Chrysalis, upstairs, rolled her eyes. She could see - or rather hear - that it was blatantly the case that Twilight had come over to both spy and to pry, hiding her intentions behind seemingly innocent questions and light-hearted banter. Asking if they needed anything indeed, how transparent!

She’d have gone down and given the vile princess a piece of her mind but, frankly, she couldn’t bring herself to face anyone today, and Richard seemed to be doing an adequate job of holding Twilight at bay anyway, and it was his job to do the things Chrysalis didn’t want to, so that was good then.

He’d get to live to see tomorrow. Helped that he knew how to boil an egg.
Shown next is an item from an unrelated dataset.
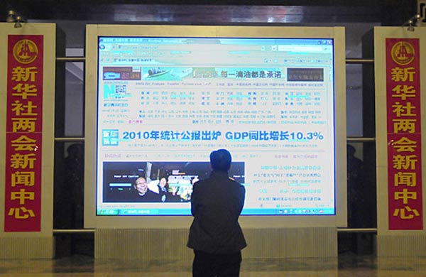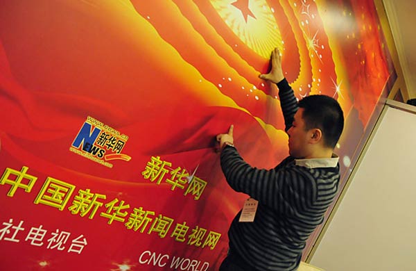 3月1日,新華網(wǎng)兩會(huì)報(bào)道人員正在布置工作間。第十一屆全國人民代表大會(huì)第四次會(huì)議、全國政協(xié)十一屆四次會(huì)議即將開幕。

“Uh, there was something else I kind of wanted to ask you about,” Twilight said, rubbing a hoof against a leg, now a touch nervous, feeling she might now be pushing her luck with this one. Richard raised an eyebrow but remained game.

“Oh? Fire away,” he said.

Twilight took her leg-rubbing hoof and coughed into it.

“Just maybe possibly wondering if it would be okay if you had the time sometime to answer a few of those questions I had? About you and where you came from? And maybe how you got here? And human dietary requirements? And how human emotions are compatible with - well, I have a list.”

She produced the list and hovered it up sheepishly. Curiosity had been burning a hole in her ever since Starlight had prevented her from questioning him the first time. An alien! A whole alien! It begged questions and every question it begged sprouted off into other questions!

For example, where did he get his shoes from? Had he brought those with him?

The mind reeled!

Richard looked at the hovering list and blinked.

“Is that a list of questions about what sort of questions it will be acceptable to ask me?” He asked. Twilight blinked too.

She hadn’t thought about it that way, and how redundant it had been to produce it. At the time - about three in the morning after worrying about the ‘lack of food issue’ - it had made perfect sense to her to make a list of pre-questions to see what questions would be acceptable later.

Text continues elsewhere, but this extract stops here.